Task: Make an exact copy of all the data, pictures excluded.

Exercise input:
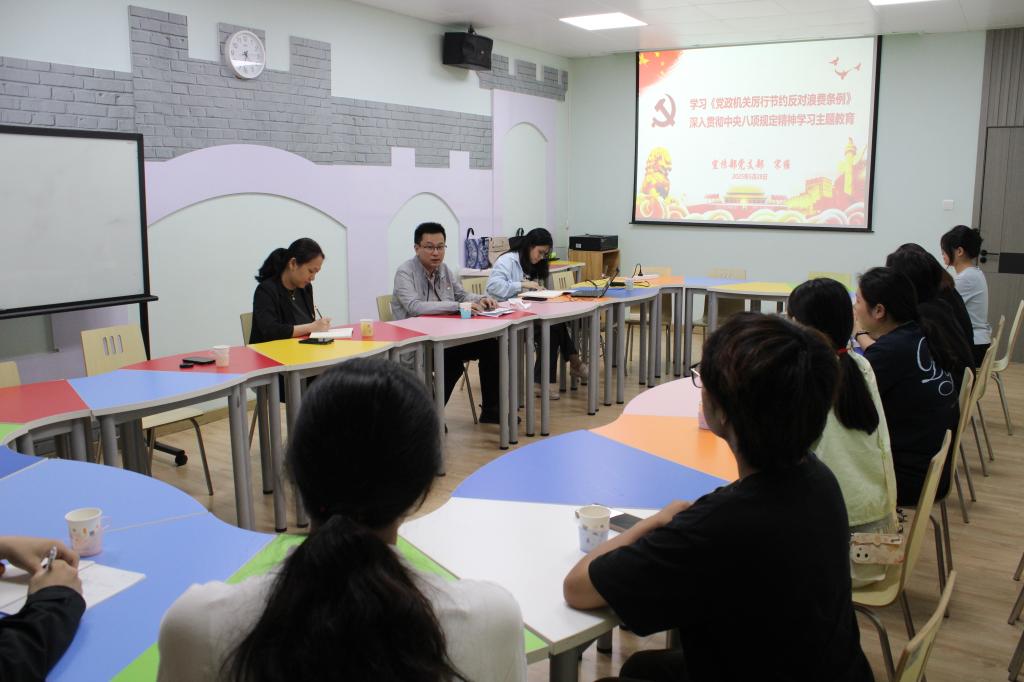 為扎實開展深入貫徹中央八項規定精神學習教育,宣傳部黨支部書記宋維講授主題黨課,介紹了《黨政機關厲行節約反對浪費條例》、學校校史和“健善仁”校園文化等內容,倡導學生積極踐行厲行節約反對浪費行為,進一步了解學習學校悠久校史和弘揚“健善仁”校園文化。
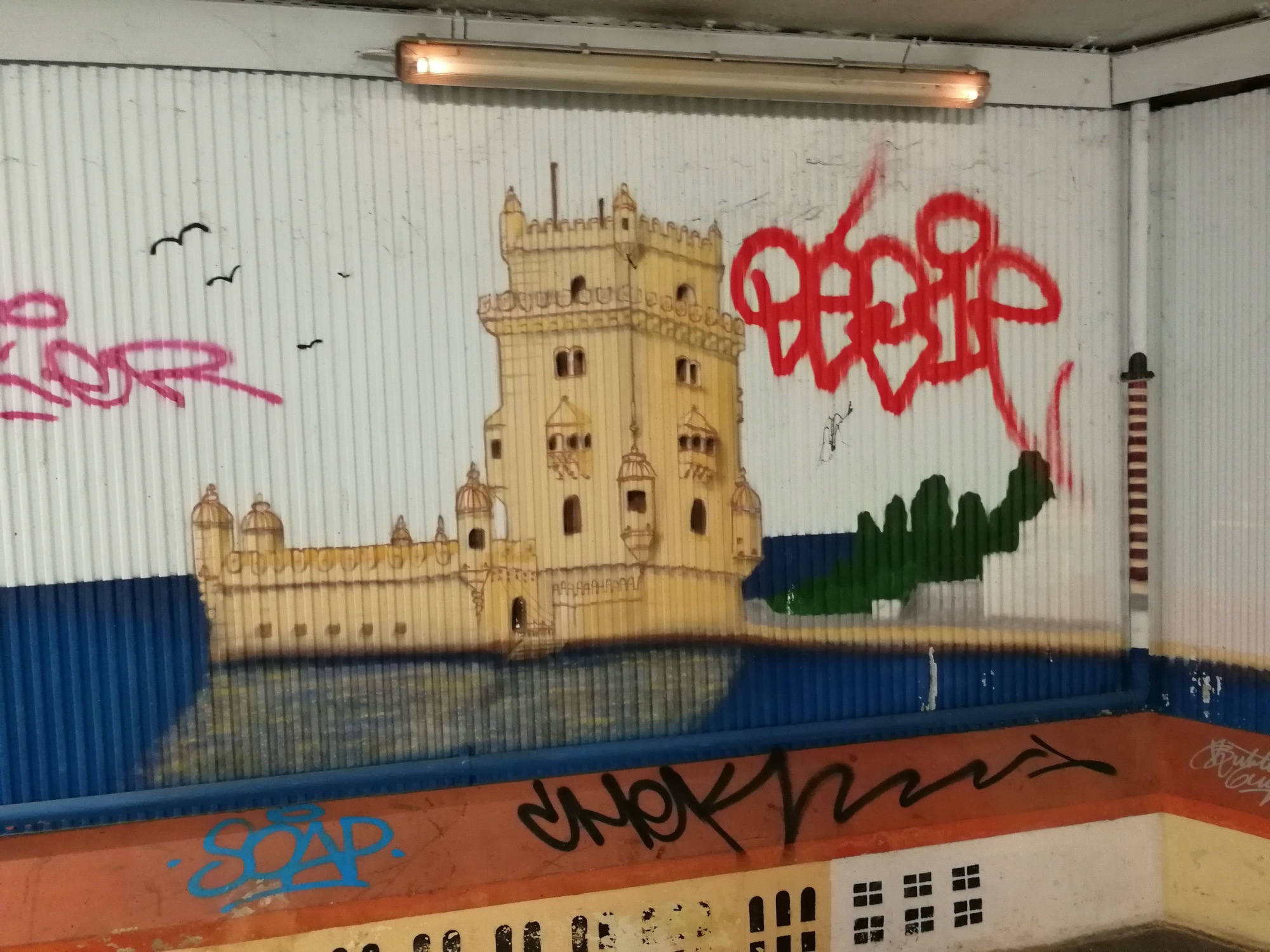 The artwork is of graffiti type. You can admire it in the city of Lisboa in Portugal and more precisely here : R. Cozinha Económica 5, 1300-023 Lisboa, Portugal.
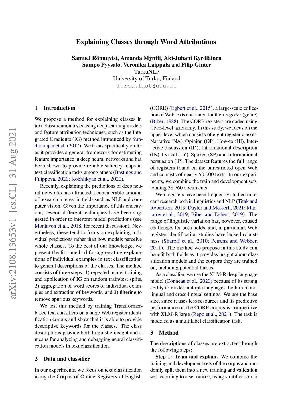 Explaining Classes through Word Attribution
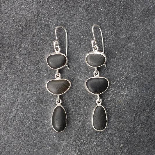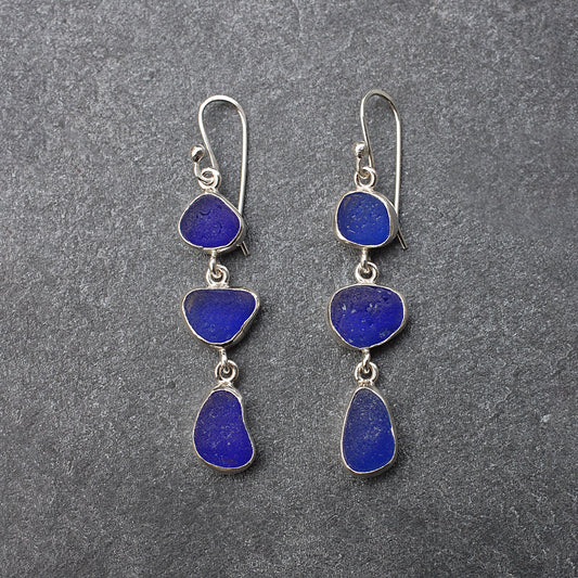 Sea Glass Three Drop Earrings in Cobalt Blue
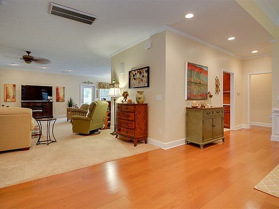 Many upgrades - gourmet kitchen - gorgeous cabinets, gas cooktop, stainless wall oven and microwave, walk-in pantry, corian and quartz countertops, ceramic floor and backsplash. Split Bedroom plan. Each bedroom has walk-in closets. Jack and Jill baths on one side. Awesome 28 x 18 screened porch. 2 12 x 14 patios. Overlooks a beautifully fully landscaped yard - each flowerbed surrounded by brick pavers. Outbuilding remains. Home backs up to wooded area.

Output:
 為扎實開展深入貫徹中央八項規定精神學習教育,宣傳部黨支部書記宋維講授主題黨課,介紹了《黨政機關厲行節約反對浪費條例》、學校校史和“健善仁”校園文化等內容,倡導學生積極踐行厲行節約反對浪費行為,進一步了解學習學校悠久校史和弘揚“健善仁”校園文化。
 The artwork is of graffiti type. You can admire it in the city of Lisboa in Portugal and more precisely here : R. Cozinha Económica 5, 1300-023 Lisboa, Portugal.
 Explaining Classes through Word Attribution
 Sea Glass Three Drop Earrings in Cobalt Blue
 Many upgrades - gourmet kitchen - gorgeous cabinets, gas cooktop, stainless wall oven and microwave, walk-in pantry, corian and quartz countertops, ceramic floor and backsplash. Split Bedroom plan. Each bedroom has walk-in closets. Jack and Jill baths on one side. Awesome 28 x 18 screened porch. 2 12 x 14 patios. Overlooks a beautifully fully landscaped yard - each flowerbed surrounded by brick pavers. Outbuilding remains. Home backs up to wooded area.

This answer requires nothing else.